*DESCRIPTION OF THE TASK*. Skip all pictures. Write out the data below from its first line through the line that contains "Материалы: искусственный мех, кожзам, кожа, хлопок, футер;".
---
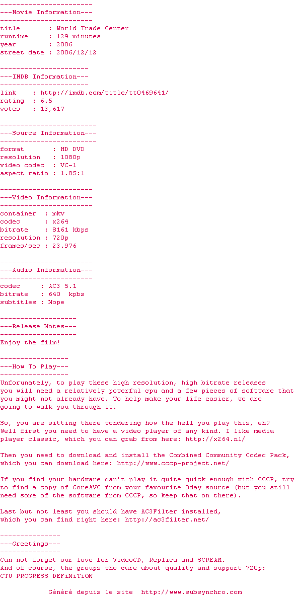 Voir le nfo de la release World.Trade.Center.2006.DVD9.720p.HDDVD.x264-REVEiLLE
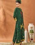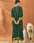 Kaftan- Green clover checks kaftan adorned with patchwork on sleeve | Asymmetrical hemline | Tie-up detailing
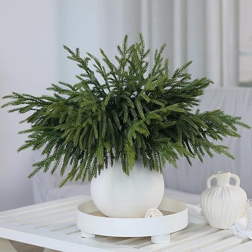 【Sufficient Quantity】: One pack of 16 Pcs real touch norfolk pine branches, to provide you with sufficient supply, as shown in the picture, 16 norfolk pine branches can fill the whole vase, fluffy and beautiful, can also make christmas wreath, garland.
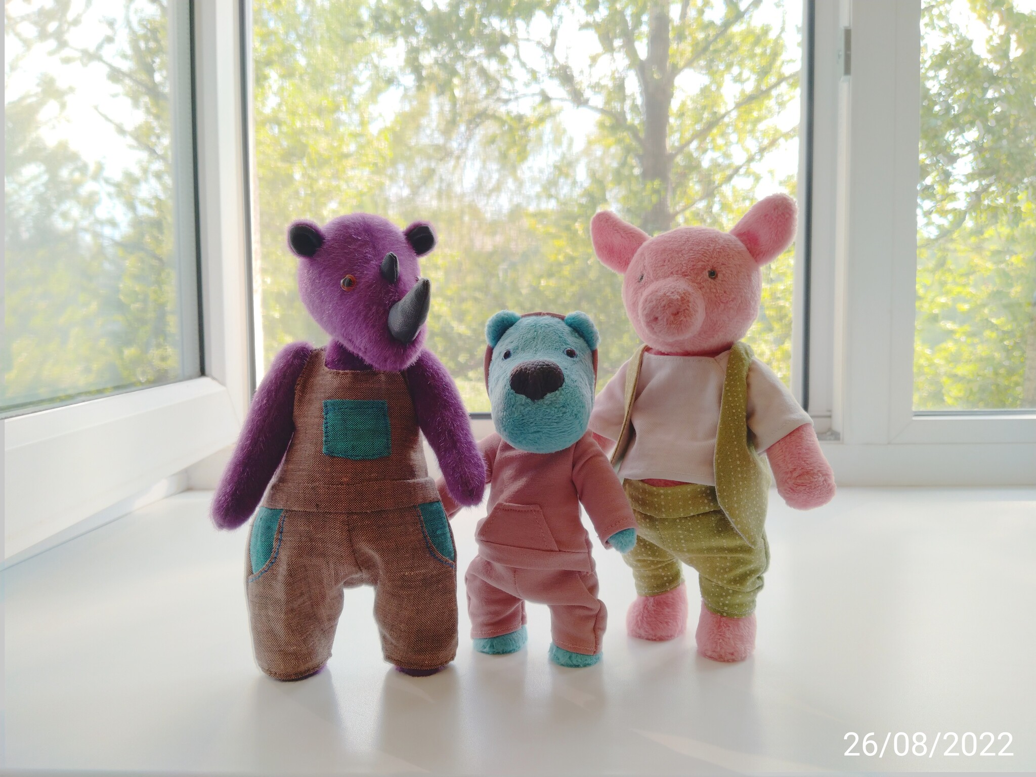 Материалы: искусственный мех, кожзам, кожа, хлопок, футер; в качестве набивки опилки и стеклянный гранулят.
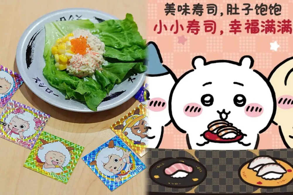 寿司郎标准店面主色调是亮色,分色碟子多为红白黄色,桌面是淡黄色或粉色…屏幕游戏主角是可爱小动物,限时IP联名也是“卡哇伊”风格,比如Chikawa和喜羊羊等。
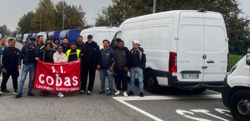 Lavoratori in sciopero a Sda Bergamo per difendere la garanzia del salario e del posto di lavoro.
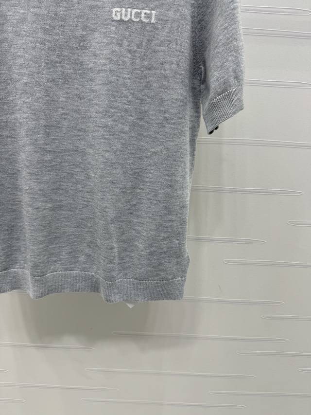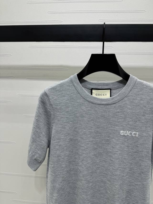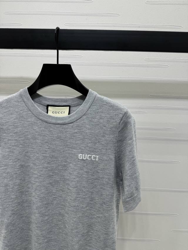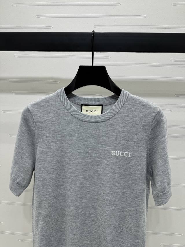 New original high-end quality Gucc*2025 spring and summer latest series! Round neck knitted short sleeves! Custom wool yarn weaving elasticity and comfort full of texture Short-sleeved top cut highlights the brand style Made of wool material with elasticity to show a slimming visual effect The collar and cuffs are ribbed with letters on the chest as a design highlight, making the simple basic style instantly become a fashionable item, showing a high-end style, it is colorful and fashionable when worn alone or as an inner layer! 2 colors! SM-L3 size! High quality large goods
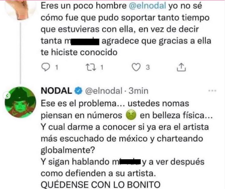 Twitter se encendió con la discusión entre el mexicano y los fanáticos de su ex. Un usuario afirmó que se había hecho conocido gracias a Belinda, a lo que Nodal respondió: “Cuál darme a conocer si ya era el artista más escuchado de México y charteado globalmente”.
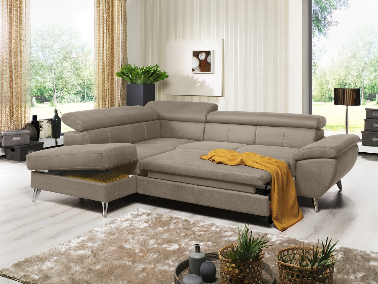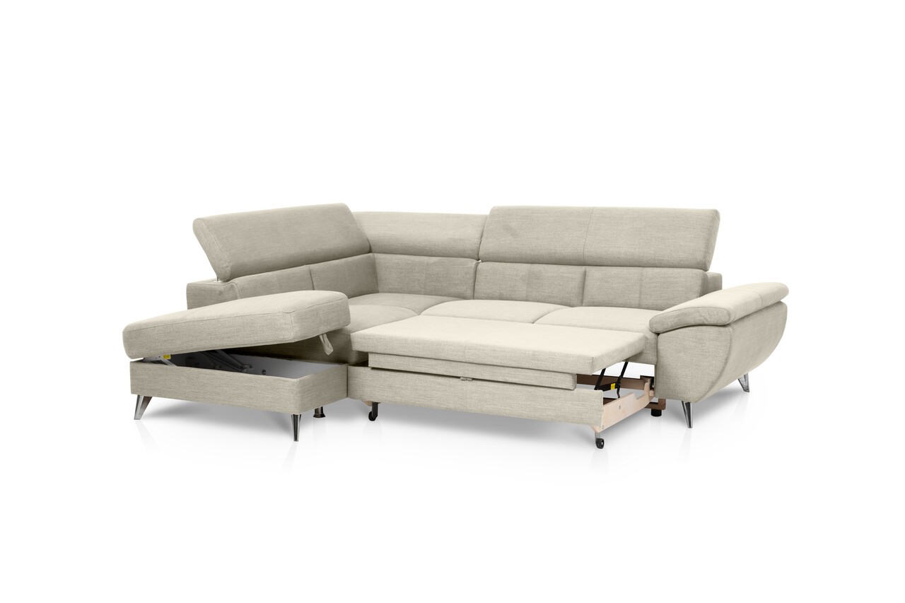 Coltar stanga extensibil, Tokyo, 207x260x93 cm, lada de depozitare, Bej
---
*WRITTEN SOLUTION*.
 Voir le nfo de la release World.Trade.Center.2006.DVD9.720p.HDDVD.x264-REVEiLLE
 Kaftan- Green clover checks kaftan adorned with patchwork on sleeve | Asymmetrical hemline | Tie-up detailing
 【Sufficient Quantity】: One pack of 16 Pcs real touch norfolk pine branches, to provide you with sufficient supply, as shown in the picture, 16 norfolk pine branches can fill the whole vase, fluffy and beautiful, can also make christmas wreath, garland.
 Материалы: искусственный мех, кожзам, кожа, хлопок, футер; в качестве набивки опилки и стеклянный гранулят.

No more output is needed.